From the Ranks of Survival to the Heart of Diplomacy
Walking between the stone pillars of the Korean War Memorial, Grace Jo vividly recalls the moment that still sticks with her: a cliff‑hanger of starvation that almost cost her life. That little boy—just a kid when he realized the road to survival was a straight line to the cold, unforgiving concrete floor of his family’s house in rural North Korea—was fighting back a fever that would have made a blender jealous.
There are other memories she shares—humble, almost absurd now: the time she and her brother ate six newborn mice that had made a clandestine home under a stone, simply because food was so scarce that it turned the rodent a sort of “diet” buddy.
Why Her Skepticism Grows
These childhood horrors shape how she views the Kim Jong Un and President Donald Trump summit scheduled for June 12 in Singapore—an unprecedented meeting between a living U.S. president and North Korea’s heavyweight.
- “If the North Korean government keeps dropping bombs at its neighbors, that doesn’t mean it’s actually giving anyone peace,” Grace says.
- “Inside North Korea, thousands of people will still die. So I don’t see this as a “peace treaty” at all.”

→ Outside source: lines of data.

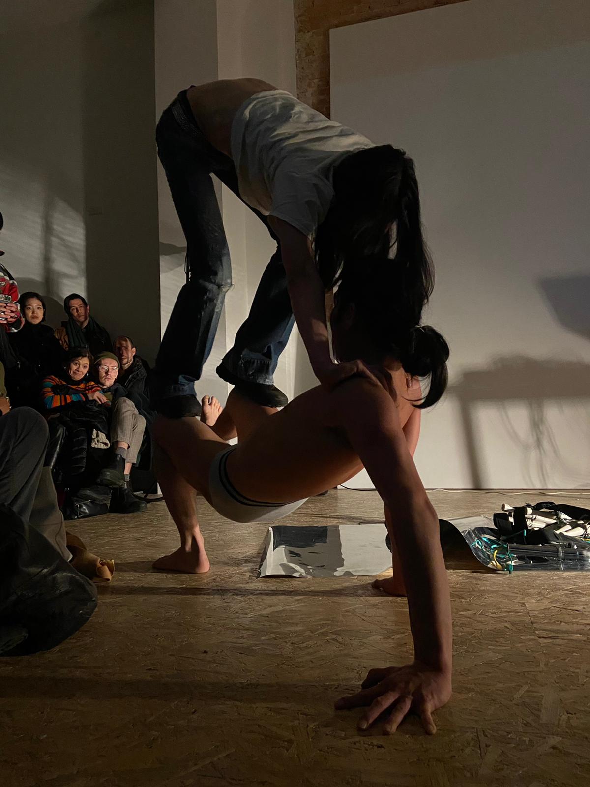 A ritual of transformation, collision and convergence between bodies, sound and audience.
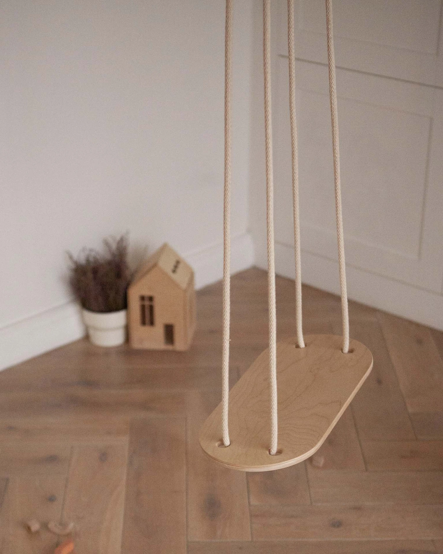 - Includes wooden swing with cotton ropes, 2 carabiners and cotton carrying bag
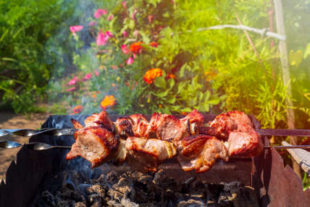 barbecue cooked on coals, under the rays of the summer sun
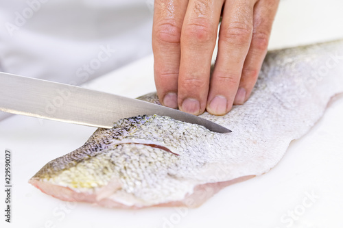 A Chef Scoring A Large Zander Fish Fillet With A Knife White

North Korea’s Public PR Move
North Korea announced it would halt nuclear and missile tests last month. “We’ll focus on markedly improving our socialist economy and people’s living standards,”
—but as Grace puts it, what’s called “focusing” often ends up backing off too little for the everyday escapee.

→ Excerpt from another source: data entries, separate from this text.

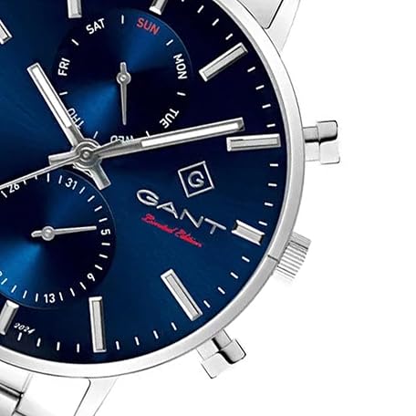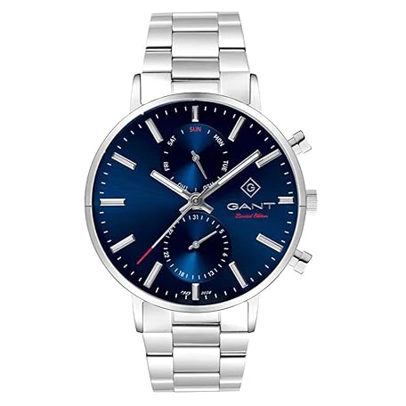 Thông tin sản phẩm Gant Men's Naples IPB 3-hand circular day-date watch 43.5 mm case diameter silver case blue dial metal strap blue, blue, Bracelet
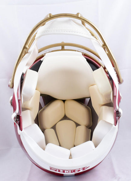 Joe Montana Autographed San Francisco 49ers F/S Flash Speed Authentic Helmet - Fanatics *Gold This is a hand autograph of Joe Montana of the San Francisco 49ers on a Riddell Football Full Size Flash Speed Authentic Helmet. This item has a Fanatics Authentication, which comes with a numbered sticker hologram and a QR code for verification. You can view this item on the Fanatics Authentication website and it shows the item was signed. It was signed either at a public autograph appearance or a private signing. This is a stock photo of the item. Although you may not receive this exact item, the item you receive is virtually identical and brand new in great shape.
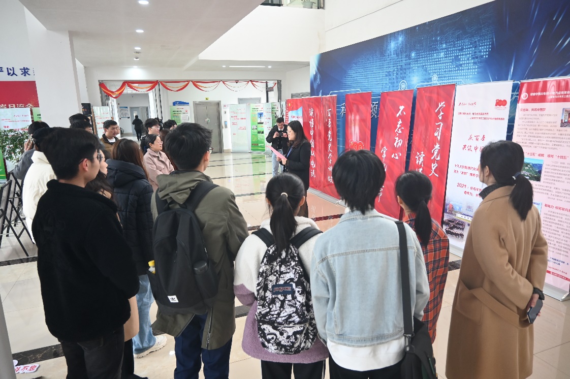 12月8日,美加墨世界杯官方网站结合教师政治理论学习内容,组织学院教师集中对“读懂中国从电说”系列手账卡展板进行参观学习,美加墨世界杯官方网站党委书记何西培、院长崔昊杨、党委副书记周冬梅、副院长赵琰,以及学院教师和学生党员代表参加了本次参观学习。

From Refugee to Social Advocate
Grace moved to the U.S. in 2008 as one of only 200 North Korean refugees who found a new home here. Her family’s past is painted in tragedy:
- The 1990s famine took her two younger brothers and her grandmother, who died while longing for a single potato.
- Her older sister vanished.
- Her father fled to China but was caught, returned to North Korea, and died in a jail in 1997 after torture and starvation.
- At just six years old, Grace’s mother decided the only shot at survival was to forge a new life in China. For ten years they slipped between borders, living in secrecy—only to be attacked again.
- They turned to a Korean‑American pastor who raised enough cash to bribe officials for their release.
After that, the UNHCR brought Grace, her mother, and sister to the United States.
Grace’s Life Today
- She’s a college student in Maryland.
- She works as a dental assistant.
- She helps run NKinUSA, an organization her sister founded to rescue North Koreans and help them build a future elsewhere.
With the Kim‑Trump summit looming, Grace voices a plea for humanity to stay front‑and‑center. “No matter what the leaders decide, I hope the U.S. will bring up humanitarian issues and think about the people in North Korea,” she says. “The only way we help this generation of North Koreans is to end that regime.”